January 24, 2013
Traditions tighten student, alumni bonds throughout Kansas State University history
Kansas State University is rich with long-standing traditions that have brought students, alumni and fans together throughout the university's 150-year history.
"Whether it be Call Hall ice cream, Willie the Wildcat, homecoming activities or the Royal Purple, traditions at K-State endure over the decades because they bring back fond memories of a time and place that connect us as a family," said Linda Cook, assistant vice president of communications for the K-State Alumni Association. "One of my favorite traditions is going to a K-State event and hearing the alma mater and 'Wildcat Victory,' our fight song. The melody and words of both take me back to the years when I was a student at K-State."
Here's a look at the some of the university's traditions:
* The tradition of Willie the Wildcat, the university's mascot, began in 1947, when Willie appeared at a football game against Oklahoma A&M University. Willie's look has evolved through the years, going from a red brown wildcat suit with black stripes and a tail in 1947, to today's head of gray fur with two white stripes, resembling the Powercat logo. Willie's own traditions include using his body to spell out the letters K, S and U in a popular cheer and doing pushups after the football Wildcats score. Also a tradition is that the identity of the student playing Willie is a secret.
* One of the university's more popular game traditions was sparked by tragedy. When a fire roared through Nichols Hall in 1968, the music department lost instruments and all its band music -- except for one piece that the band director had taken home with him. To this day, "The Wabash Cannonball" gets students and fans on their feet. And in recent years, students do the "Wabash dance," where they bend, clap and twist to the music.
"The 'Wabash dance' actually started about 1995 with the clarinet section of the marching band," said Frank Tracz, director of bands at K-State.
* The "KS" letters stand out high and proud on a hill entering Manhattan. They are a tradition quite literally set in stone. In 1921, engineering students plotted the 80-foot tall K then later added the S. Unfortunately, due to a ravine in the area, the U could never be added. Students still whitewash the letters every year to keep them white, bright and noticeable.
* Purple Power Play on Poyntz, one of the newest traditions, starts off the school year in late August or early September and celebrates the beginning of the football season. Purple Power Play on Poyntz was created in 1988 by a group of four community volunteers to welcome students back to downtown Manhattan and generate excitement for the K-State football team. Today it is one of the largest events in northeast Kansas. Fireworks, local cuisine and jamming out to the Kansas State University Marching Band are just some of the fun activities offered. On Manhattan's main downtown drag, this citywide celebration takes place on the Thursday and Friday nights before the first home football game.

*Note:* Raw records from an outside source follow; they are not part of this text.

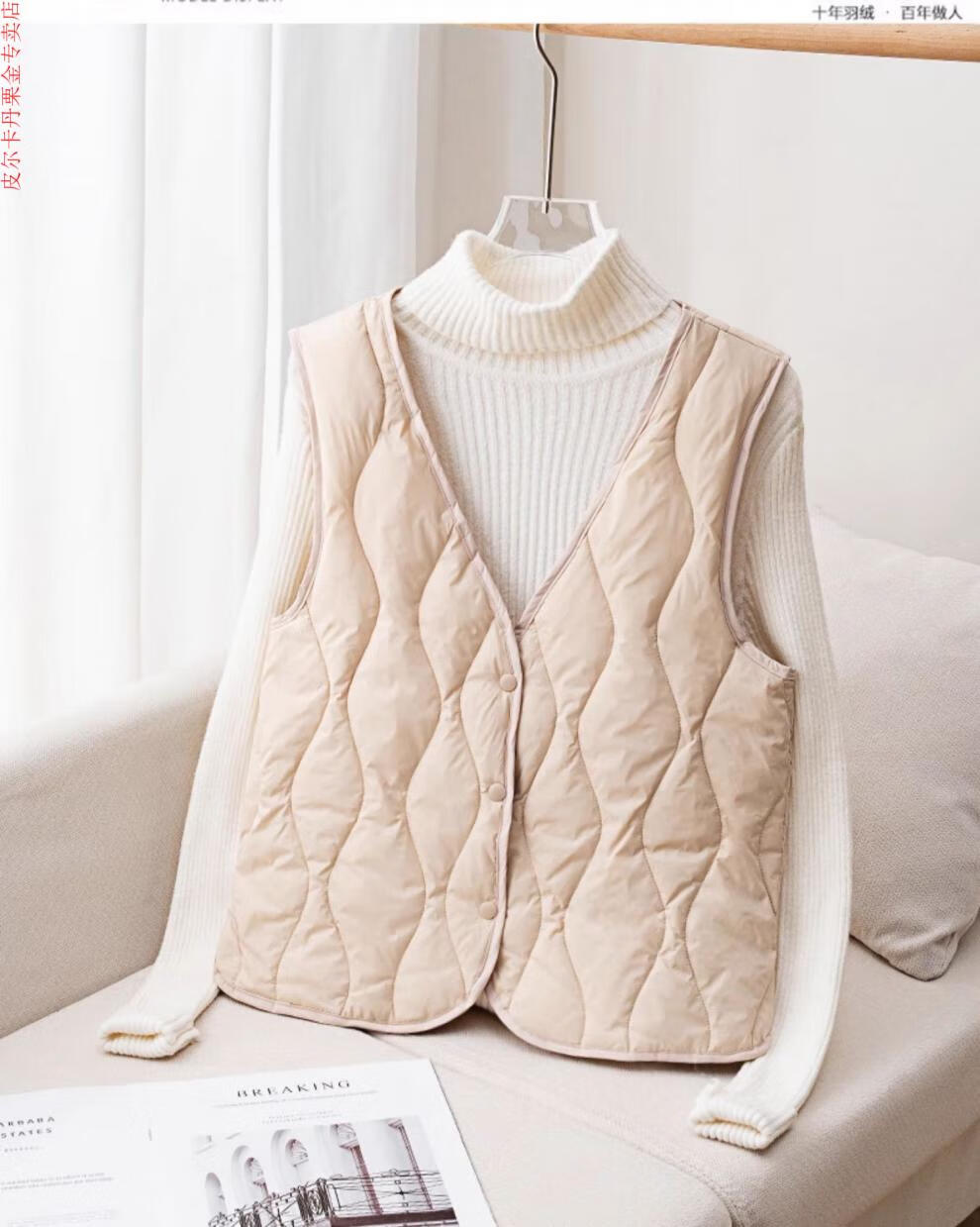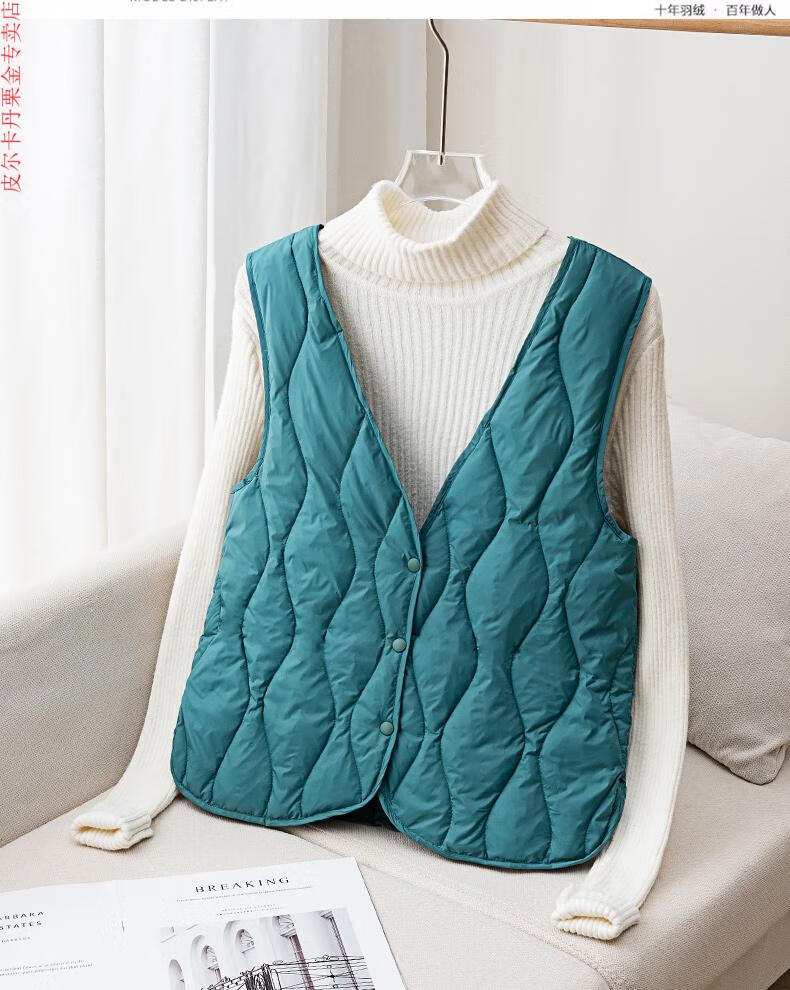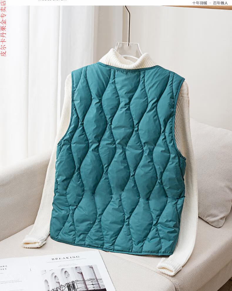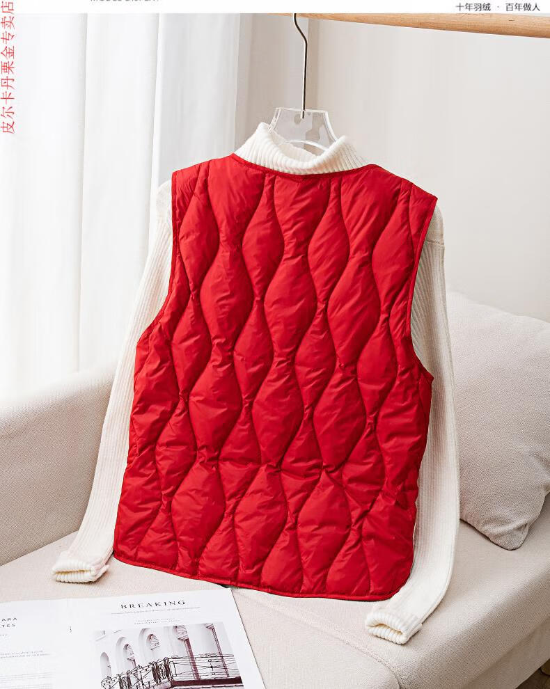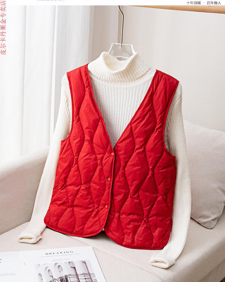 Pierre Cardin women's short down vest autumn and winter new slim fit thin warm inner vest with coat V-neck duck down liner milky white S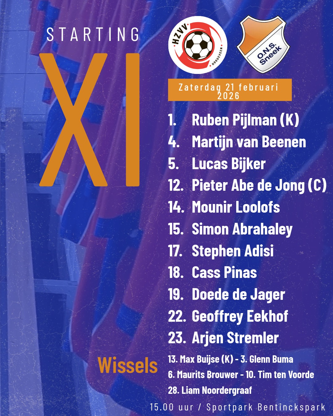 Na de rust een sterk uit de theepauze komend ONS Sneek. Waar HZVV in de eerste helft de dreigende ploeg was had nu zeker ONS Sneek een poos de druk erop staan met af en toe linke uitvallen van HZVV. Maar beide ploegen hadden de vizier niet op scherp staan. Mounir Loolofs zag een schot op de lat eindigen en Geoffrey Eekhof vond de keeper in de weg staan op zijn schot. Vlak daarvoor was HZVV onnodig door Yoran Popovic op 2 – 1 gekomen door een communicatiefout achterin bij ONS Sneek. Ondanks de druk van ONS Sneek een domper. Maar onze jongens gaven niet op. Ja, daarop kwamen er ook zeker kansen voor HZVV maar die hadden het vizier gelukkig niet op scherp staan. In de 81e minuut krijgt Doede instructies van trainer Koster: schiet eens op die goal. Doede nam dat advies gretig aan en zijn schot verdween in de 83e minuut in het net: 2 – 2. ONS kreeg nog een flinke kans. Aanvoerder Pieter Abe de Jong gaf een puike voorzet maar de jonge vol vuur spelende Liam Noordergraaf wist de bal niet goed genoeg naar beneden te koppen en zag zijn kopbal over het doel van HZVV verdwijnen.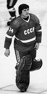 Sergei Aleksandrovich Mylnikov was an ice hockey goaltender and coach who competed in the Soviet Hockey League, National Hockey League, and the Swedish Division 2. He was the first Soviet goaltender to play in the National Hockey League. He mostly played for Traktor Chelyabinsk, and also briefly for SKA Leningrad (1980–82), the Quebec Nordiques (1989–90), Torpedo Yaroslavl (1991–93) and Skedvi/Säter IF (1993–95). He was a member of the Soviet national team, winning a gold medal at the 1988 Winter Olympics and at the 1989 and 1990 IIHF World Championships. He was named to the Soviet All-Star team in 1988 and inducted into the Russian and Soviet Hockey Hall of Fame in 1985. Mylnikov helped the Soviet junior team to back-to-back junior world championships in 1977 and 1978. He was also the starting Soviet goaltender at the Canada Cup in 1987.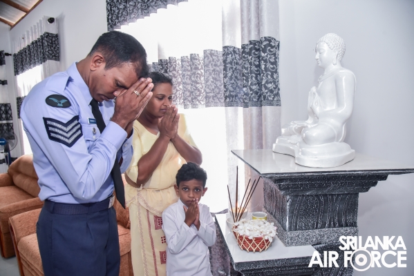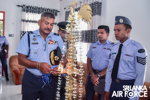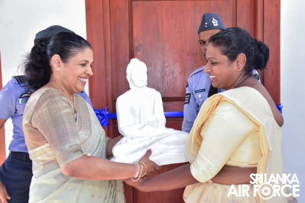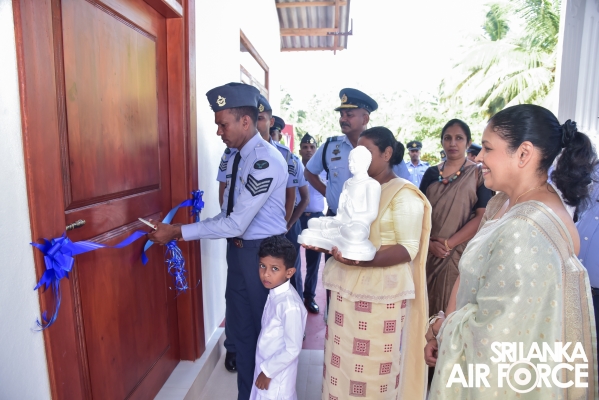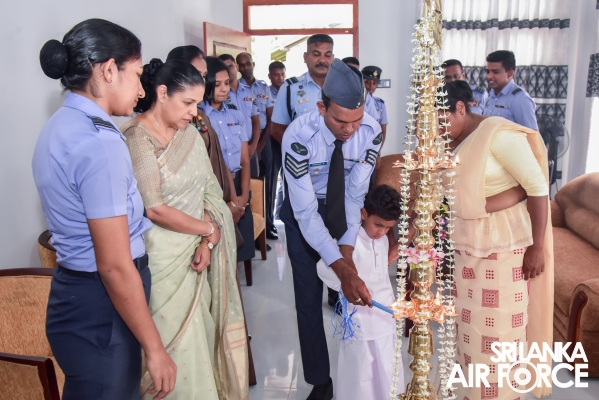 A house constructed by the SLAF Seva Vanitha Unit was handed over to Sergeant Dissanayaka GH – (Air Radio) today (11 January 2024) and the housewarming ceremony was held at Katana. The Chairperson of the SLAF Seva Vanitha Unit, Mrs. Enoka Rajapaksa, graced this occasion as the chief guest.

* Another new tradition is the K-State Proud campaign of "students helping students." Sponsored by the Kansas State University Student Foundation through the Kansas State University Foundation, the annual student-led campaign has raised more than $550,000 to help students struggling financially. The campaign, which has been recognized nationally, features the sale of special T-shirts that fans wear at a designated men's basketball game.
* For a picture-perfect tradition, it's the Higinbotham Gate on the southeast corner of campus at North Manhattan and Anderson avenues. Particularly at graduation time it's common to find a new alum in gown and mortarboard or hood posing in front of the limestone and wrought iron structure with the university seal on the sidewalk ahead. The gate was added in 1989.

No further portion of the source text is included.